Я вижу ее, и вижу, и вижу, но ее на самом деле не вижу.
К ней приходится обращаться по три раза, прежде чем она услышит. Когда я захожу в мамин кабинет, надо постучать по стене кулаком либо пнуть стул так, чтобы он пролетел по всей кухне, чтобы она хотя бы заметила, что тут кто-то есть.
Я вдруг начинаю волноваться, что как ее сюда занесло, так же может и унести.
Единственный способ вывести маму из такого состояния – это начать обсуждать мое портфолио для ШИКа, но поскольку мы с ней уже отобрали пять работ, которые я пишу маслом с мистером Грейди, то говорить уже практически не о чем до большой премьеры, а я к ней еще не готов. Я не хочу, чтобы она смотрела на картины до того, как они будут закончены. Но я уже близок. Я работаю над ними всю осень ежедневно во время обеденного перерыва и после уроков. Собеседования никакого не будет, поступление зависит практически всецело от представленных работ. Но после того, как я увидел набросок того скульптора, мне снова как заменили глаза. Теперь временами кажется, что я вижу звук, темно-зеленый воющий ветер, сильный малиновый стук дождя – и все эти цветозвуки кружат по моей комнате, пока я лежу в постели и думаю о Брайене. Когда я произношу его имя вслух: лазурь.

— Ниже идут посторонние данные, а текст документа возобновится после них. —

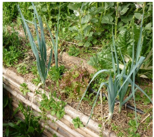
Poireaux et salades vont de pair.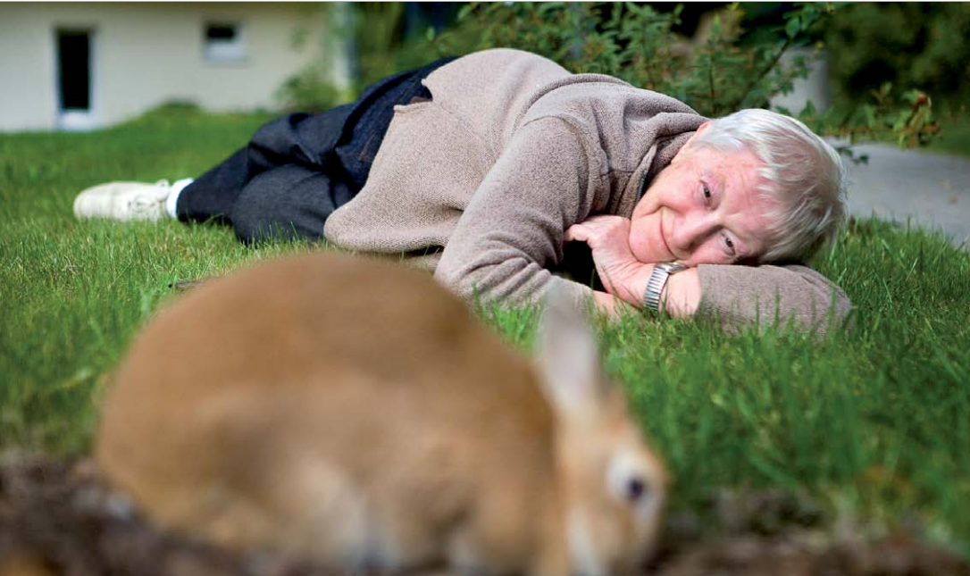
Auf außergewöhnlichen Farbfotoportraits strahlen Demenzpatienten Freude, Würde und Individualität aus – das zeichnet die Bilder von Fotograf Michael Hagedorn aus.

Что касается остальных новостей, с лета я вырос больше чем на восемь сантиметров. Если бы кто-то ко мне еще лез, я бы скинул его с планеты. Не вопрос. И голос у меня стал таким низким, что большая часть людей его даже не слышит. Но я им практически не пользуюсь, разве что иногда с Хезер. Мы с ней типа снова поладили, после того как ей начал нравиться какой-то другой мальчик. Пару раз я даже ходил бегать с ней и парой ее друзей из команды. Было ничего. Во время пробежки всем нормально, что ты молчишь.
Я превратился в очень тихого Кинг-Конга.
Но сегодня я очень обеспокоенный тихий Кинг-Конг. Я плетусь в гору со школы под проливным дождем, занятый единственной мыслью: что будет, когда Брайен вернется на рождественские каникулы и начнет проводить время с Джуд?
(АВТОПОРТРЕТ: Я пью тьму из собственных сложенных чашечкой ладоней.)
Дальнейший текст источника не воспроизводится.